__Supplied material__.
#####

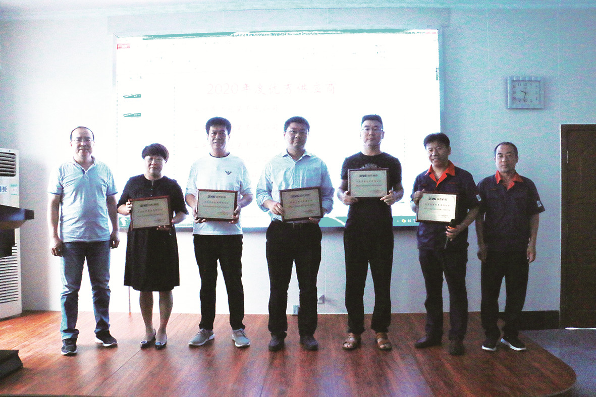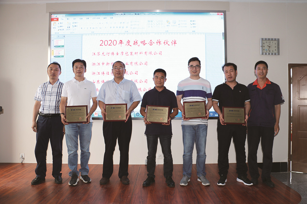 首先,張強結(jié)合我公司上一年度的整體生產(chǎn)經(jīng)營情況,就2020年度生產(chǎn)和市場上反饋的包裝物質(zhì)量問題與大家進行了交流并就解決方案進行了協(xié)商,隨后宣布了今年的優(yōu)秀供應(yīng)商名單并現(xiàn)場頒獎合影留念。2020年度戰(zhàn)略合作伙伴為:江蘇龍燈博士摩包裝材料有限公司、浙江申新包裝實業(yè)有限公司、浙江博佳包裝有限公司、山東博興大業(yè)包裝有限公司、濟南新先鋒至尊包裝有限公司;2020年度優(yōu)秀供應(yīng)商為:濱州魯達包裝有限公司、山東睿豐包裝有限公司、山東葉華包裝有限公司、格瑞夫包裝有限公司、臨淄振芳包裝有限公司。
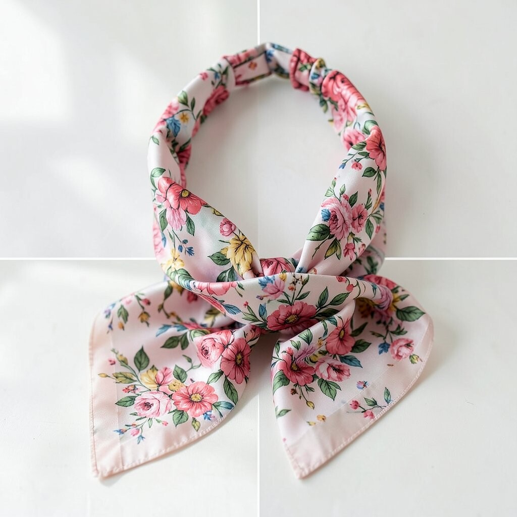 It’s a fun way to add personality to your look. A scarf with small, delicate flowers works well for this style.
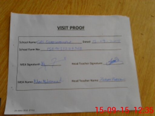 | Attendance Register | Head Teacher | MEA with School | Visit Proof |
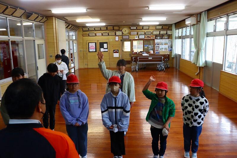 前日の雨の影響で運動場での開催はできませんでしたが、体育館で実施しました。

#####

__Requirement__.
Only the lines from the one containing "Visit Proof |" through the last line of the data may appear in the answer, each given again exactly and with pictures left out.

__Exercise answer__.
 | Attendance Register | Head Teacher | MEA with School | Visit Proof |
 前日の雨の影響で運動場での開催はできませんでしたが、体育館で実施しました。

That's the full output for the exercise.